# Exercise
Could you give back the records exactly, taking out the pictures?

┌─ Records for the exercise

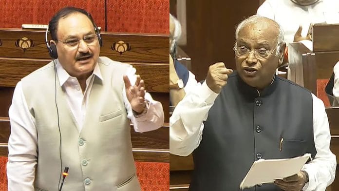 नई दिल्ली: राज्यसभा में मंगलवार को ऑपरेशन सिंदूर पर हुई विशेष चर्चा के दौरान सत्ता पक्ष और विपक्ष के बीच जमकर बहस हुई. बहस उस समय गरमा गई जब सदन में नेता और बीजेपी अध्यक्ष जे.पी. नड्डा तथा विपक्ष के नेता मल्लिकार्जुन खरगे के बीच तीखी जुबानी जंग हो गई.
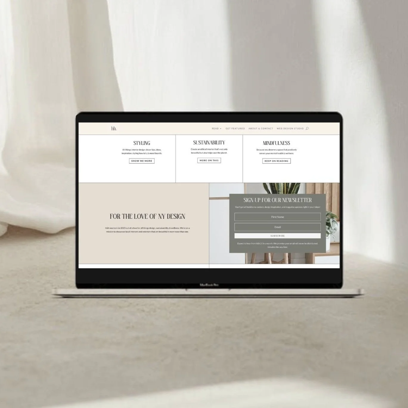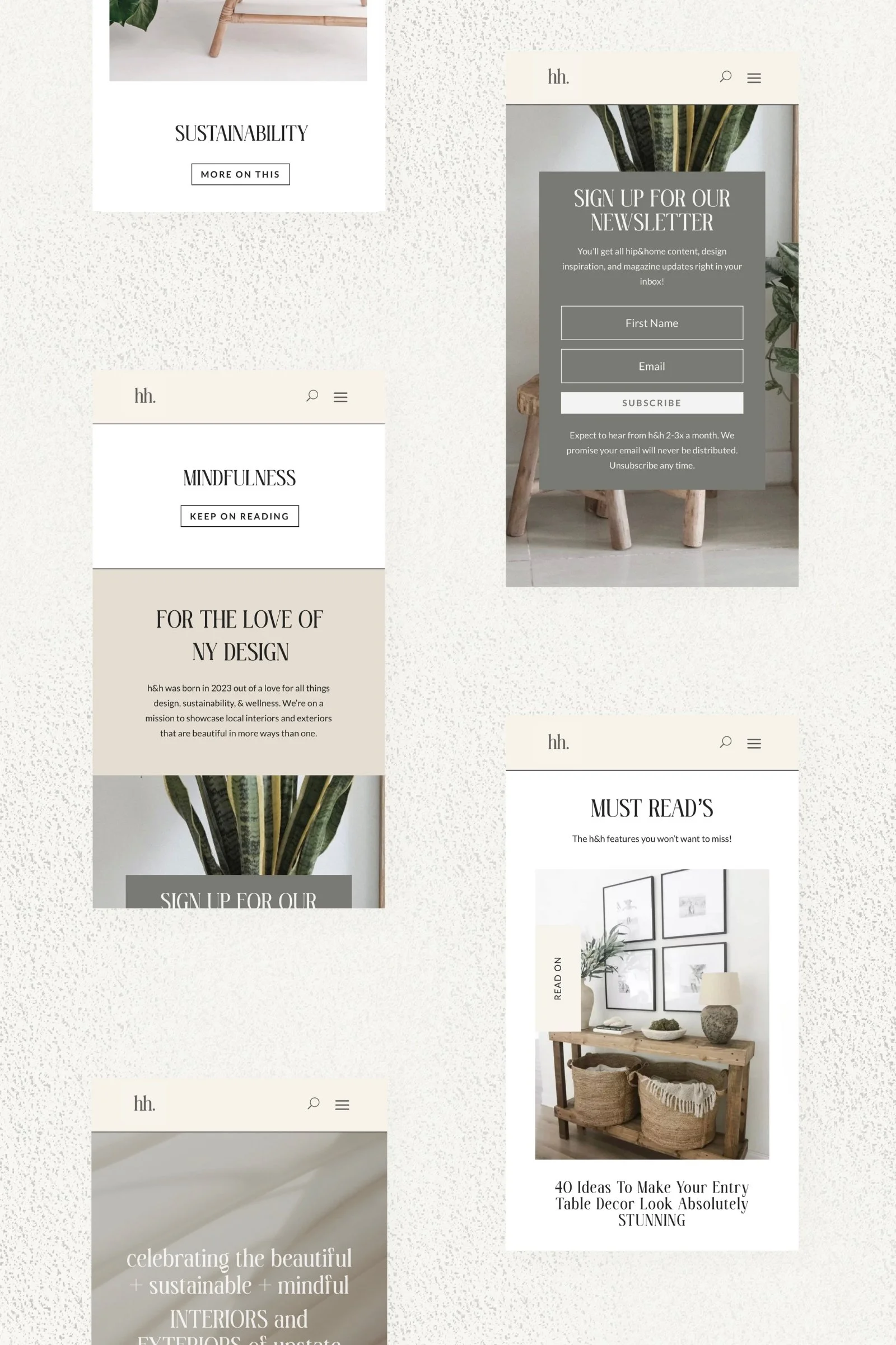 Intentional visuals + messaging: a neutral and sage green color palette reflects hip&home’s values of mindful, eco-friendly living. The website copy is upfront about these values, attracting a loyal, long-term monthly readership of between 3-10,000 that resonates with its values/content.
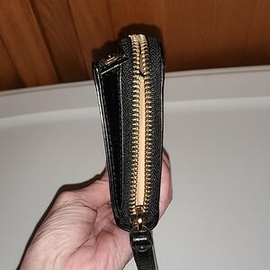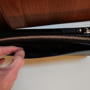 Elegant black wristlet by Kate Spade. Features a sleek design. Perfect for any occasion. New without tags. Corner zip. Gold hardware. Measures 8L x 4.5H. 2 outside pockets, one of which is a zipper pocket. Inside has many pockets and card slots. Pebble leather.
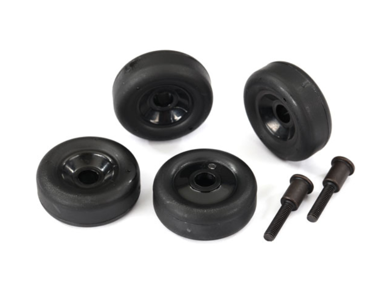 Náhradní díl pro RC modely aut Traxxas 1:10 a 1:12: kola s osami wheelie - podpůrné kolečka proti převržení při akceleraci. 4ks v balení.
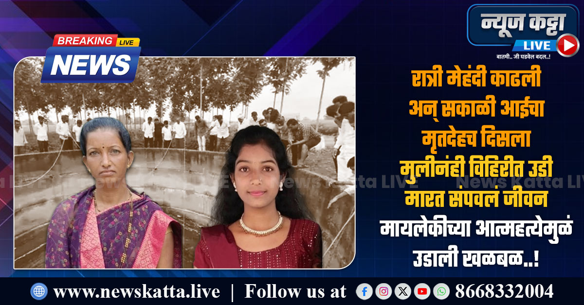 रात्री घरातील कामे उरकल्यानंतर मुलीनं उत्साहानं आपल्या आईच्या हातावर मेहंदी काढली. सकाळी शेतातल्या विहिरीत आईचा मृतदेह पाहिला अन् तिनंही विहिरीत उडी मारून स्वत:चं जीवन संपवल्याची घटना समोर आली आहे. छत्रपती संभाजीनगर जिल्ह्यातल्या खुलताबाद तालुक्यात ही धक्कादायक घटना घडली आहे. या दोघींनी आत्महत्या का केली याचं कारण अद्याप स्पष्ट झालेलं नाही. मात्र या घटनेनंतर मोठी खळबळ उडाली आहे.
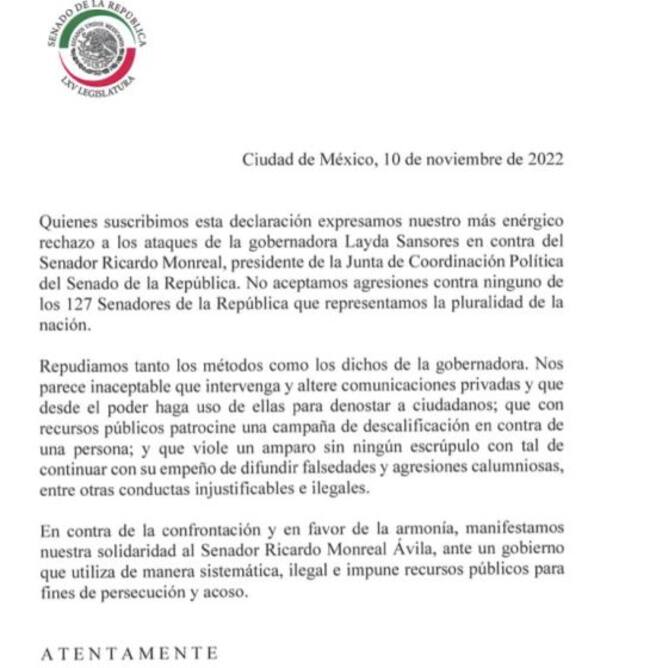En un desplegado firmado por 38 senadores de Morena, 13 del PAN, 12 del PRI, 12 de Movimiento Ciudadano, 5 del Partido Verde, 3 del PRD y 4 del Grupo Plural, expresaron su “más enérgico” de Sansores Sanromán en contra de Monreal Ávila.
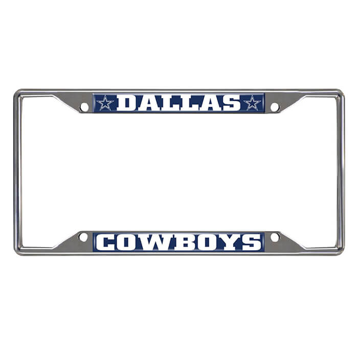 Description This officially licensed Dallas Cowboys Chrome Metal License Plate Frame is constructed from durable chrome metal with a finish that withstands the elements. Featuring bold team graphics and colors, it measures 12.25 inches by 6.25 inches and includes four pre-drilled holes for easy and secure installation on any vehicle. The slimline design ensures it fits perfectly around standard license plates without obscuring state names or registration stickers, making it an ideal way to display your team pride.
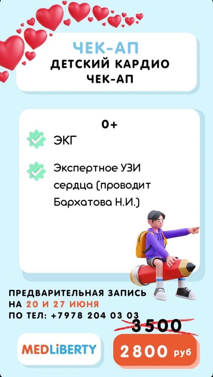 Ведется запись на кардиологический ЧЕК-АП для взрослых и детей по специальной цене к нашему врачу Бархатовой Натальей 🙌🏻
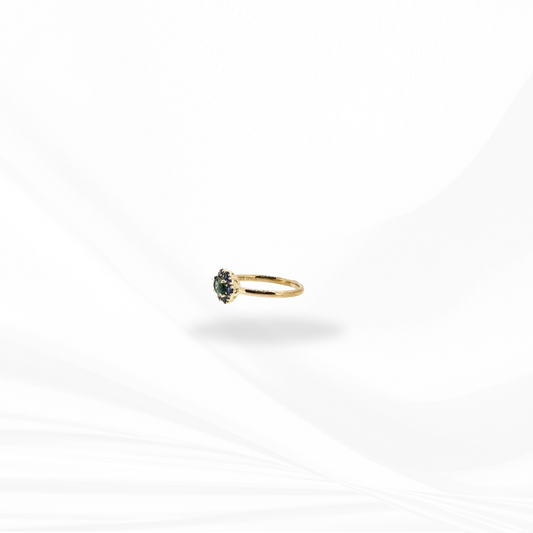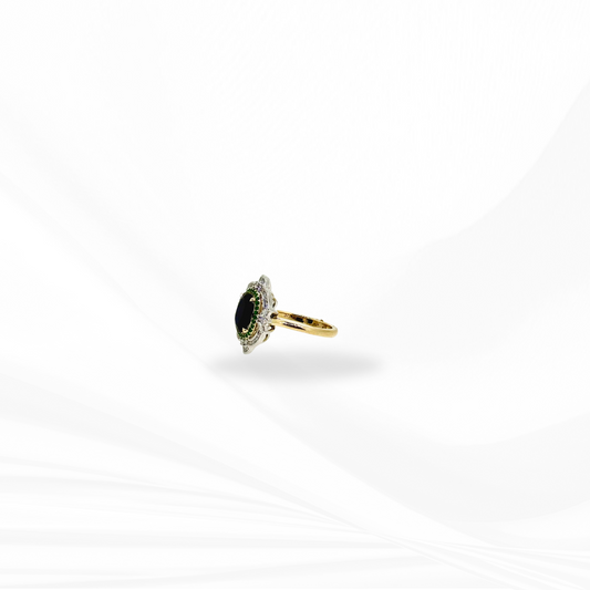 Sapphire, Tsavorite & Diamond Halo Two-Tone Ring
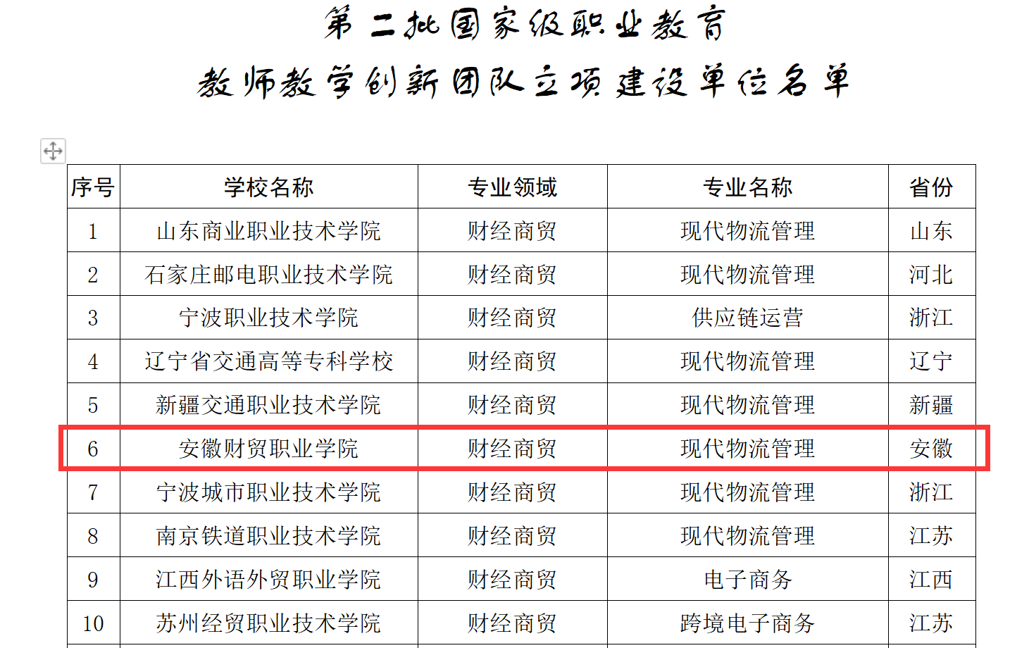8月16日,教育部正式发文公布第二批国家级职业教育教师教学创新团队立项建设单位和培育建设单位名单。我校申报的现代物流管理专业教学团队从全国多所学校中脱颖而出,成功获批立项建设单位,实现了国家级教学团队立项零的突破。
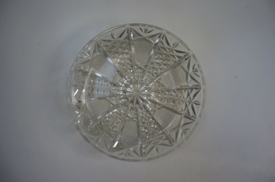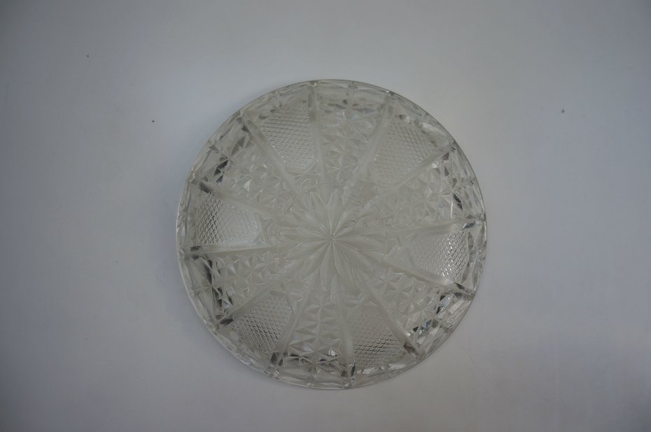 Deserowy, szklany talerz/miseczka, szlifowany na kryształ . Przedmiot oryginalny, stary z lat 70 XX w.

└─

# Answer to this task
 नई दिल्ली: राज्यसभा में मंगलवार को ऑपरेशन सिंदूर पर हुई विशेष चर्चा के दौरान सत्ता पक्ष और विपक्ष के बीच जमकर बहस हुई. बहस उस समय गरमा गई जब सदन में नेता और बीजेपी अध्यक्ष जे.पी. नड्डा तथा विपक्ष के नेता मल्लिकार्जुन खरगे के बीच तीखी जुबानी जंग हो गई.
 Intentional visuals + messaging: a neutral and sage green color palette reflects hip&home’s values of mindful, eco-friendly living. The website copy is upfront about these values, attracting a loyal, long-term monthly readership of between 3-10,000 that resonates with its values/content.
 Elegant black wristlet by Kate Spade. Features a sleek design. Perfect for any occasion. New without tags. Corner zip. Gold hardware. Measures 8L x 4.5H. 2 outside pockets, one of which is a zipper pocket. Inside has many pockets and card slots. Pebble leather.
 Náhradní díl pro RC modely aut Traxxas 1:10 a 1:12: kola s osami wheelie - podpůrné kolečka proti převržení při akceleraci. 4ks v balení.
 रात्री घरातील कामे उरकल्यानंतर मुलीनं उत्साहानं आपल्या आईच्या हातावर मेहंदी काढली. सकाळी शेतातल्या विहिरीत आईचा मृतदेह पाहिला अन् तिनंही विहिरीत उडी मारून स्वत:चं जीवन संपवल्याची घटना समोर आली आहे. छत्रपती संभाजीनगर जिल्ह्यातल्या खुलताबाद तालुक्यात ही धक्कादायक घटना घडली आहे. या दोघींनी आत्महत्या का केली याचं कारण अद्याप स्पष्ट झालेलं नाही. मात्र या घटनेनंतर मोठी खळबळ उडाली आहे.
En un desplegado firmado por 38 senadores de Morena, 13 del PAN, 12 del PRI, 12 de Movimiento Ciudadano, 5 del Partido Verde, 3 del PRD y 4 del Grupo Plural, expresaron su “más enérgico” de Sansores Sanromán en contra de Monreal Ávila.
 Description This officially licensed Dallas Cowboys Chrome Metal License Plate Frame is constructed from durable chrome metal with a finish that withstands the elements. Featuring bold team graphics and colors, it measures 12.25 inches by 6.25 inches and includes four pre-drilled holes for easy and secure installation on any vehicle. The slimline design ensures it fits perfectly around standard license plates without obscuring state names or registration stickers, making it an ideal way to display your team pride.
 Ведется запись на кардиологический ЧЕК-АП для взрослых и детей по специальной цене к нашему врачу Бархатовой Натальей 🙌🏻
 Sapphire, Tsavorite & Diamond Halo Two-Tone Ring
8月16日,教育部正式发文公布第二批国家级职业教育教师教学创新团队立项建设单位和培育建设单位名单。我校申报的现代物流管理专业教学团队从全国多所学校中脱颖而出,成功获批立项建设单位,实现了国家级教学团队立项零的突破。
 Deserowy, szklany talerz/miseczka, szlifowany na kryształ . Przedmiot oryginalny, stary z lat 70 XX w.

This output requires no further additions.